The answer is a stretch of the material below, returned exactly: the line containing "ACROSS 1. Jennifer", the line containing "Sasuke was doing", and all lines between.

== Source information ==
┌──

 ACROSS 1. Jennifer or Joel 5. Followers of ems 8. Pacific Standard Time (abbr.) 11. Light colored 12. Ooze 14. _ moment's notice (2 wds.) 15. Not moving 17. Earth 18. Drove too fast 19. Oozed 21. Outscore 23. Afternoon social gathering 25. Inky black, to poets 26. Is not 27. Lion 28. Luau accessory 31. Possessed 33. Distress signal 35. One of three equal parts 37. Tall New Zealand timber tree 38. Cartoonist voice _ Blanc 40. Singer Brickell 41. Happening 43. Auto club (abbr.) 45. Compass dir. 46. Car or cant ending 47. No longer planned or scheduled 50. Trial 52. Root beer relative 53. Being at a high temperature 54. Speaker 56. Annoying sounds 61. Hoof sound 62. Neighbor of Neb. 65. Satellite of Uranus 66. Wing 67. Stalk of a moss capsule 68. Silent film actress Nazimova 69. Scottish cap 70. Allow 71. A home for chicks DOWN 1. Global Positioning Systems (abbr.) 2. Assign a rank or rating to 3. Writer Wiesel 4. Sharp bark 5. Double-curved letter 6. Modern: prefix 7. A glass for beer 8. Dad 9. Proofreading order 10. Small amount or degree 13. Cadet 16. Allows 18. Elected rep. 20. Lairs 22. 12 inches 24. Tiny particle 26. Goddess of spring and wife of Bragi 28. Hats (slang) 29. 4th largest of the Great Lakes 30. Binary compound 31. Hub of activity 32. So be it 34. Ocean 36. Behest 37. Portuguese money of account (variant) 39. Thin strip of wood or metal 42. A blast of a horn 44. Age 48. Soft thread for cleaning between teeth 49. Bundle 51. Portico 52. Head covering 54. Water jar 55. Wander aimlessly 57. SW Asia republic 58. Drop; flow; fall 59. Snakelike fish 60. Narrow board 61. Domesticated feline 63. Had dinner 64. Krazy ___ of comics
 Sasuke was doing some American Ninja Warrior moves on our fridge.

└──
┌──

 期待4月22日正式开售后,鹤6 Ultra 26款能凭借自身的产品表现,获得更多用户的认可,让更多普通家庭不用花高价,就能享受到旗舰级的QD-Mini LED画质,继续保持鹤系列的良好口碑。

└──

== Completed exercise ==
 ACROSS 1. Jennifer or Joel 5. Followers of ems 8. Pacific Standard Time (abbr.) 11. Light colored 12. Ooze 14. _ moment's notice (2 wds.) 15. Not moving 17. Earth 18. Drove too fast 19. Oozed 21. Outscore 23. Afternoon social gathering 25. Inky black, to poets 26. Is not 27. Lion 28. Luau accessory 31. Possessed 33. Distress signal 35. One of three equal parts 37. Tall New Zealand timber tree 38. Cartoonist voice _ Blanc 40. Singer Brickell 41. Happening 43. Auto club (abbr.) 45. Compass dir. 46. Car or cant ending 47. No longer planned or scheduled 50. Trial 52. Root beer relative 53. Being at a high temperature 54. Speaker 56. Annoying sounds 61. Hoof sound 62. Neighbor of Neb. 65. Satellite of Uranus 66. Wing 67. Stalk of a moss capsule 68. Silent film actress Nazimova 69. Scottish cap 70. Allow 71. A home for chicks DOWN 1. Global Positioning Systems (abbr.) 2. Assign a rank or rating to 3. Writer Wiesel 4. Sharp bark 5. Double-curved letter 6. Modern: prefix 7. A glass for beer 8. Dad 9. Proofreading order 10. Small amount or degree 13. Cadet 16. Allows 18. Elected rep. 20. Lairs 22. 12 inches 24. Tiny particle 26. Goddess of spring and wife of Bragi 28. Hats (slang) 29. 4th largest of the Great Lakes 30. Binary compound 31. Hub of activity 32. So be it 34. Ocean 36. Behest 37. Portuguese money of account (variant) 39. Thin strip of wood or metal 42. A blast of a horn 44. Age 48. Soft thread for cleaning between teeth 49. Bundle 51. Portico 52. Head covering 54. Water jar 55. Wander aimlessly 57. SW Asia republic 58. Drop; flow; fall 59. Snakelike fish 60. Narrow board 61. Domesticated feline 63. Had dinner 64. Krazy ___ of comics
 Sasuke was doing some American Ninja Warrior moves on our fridge.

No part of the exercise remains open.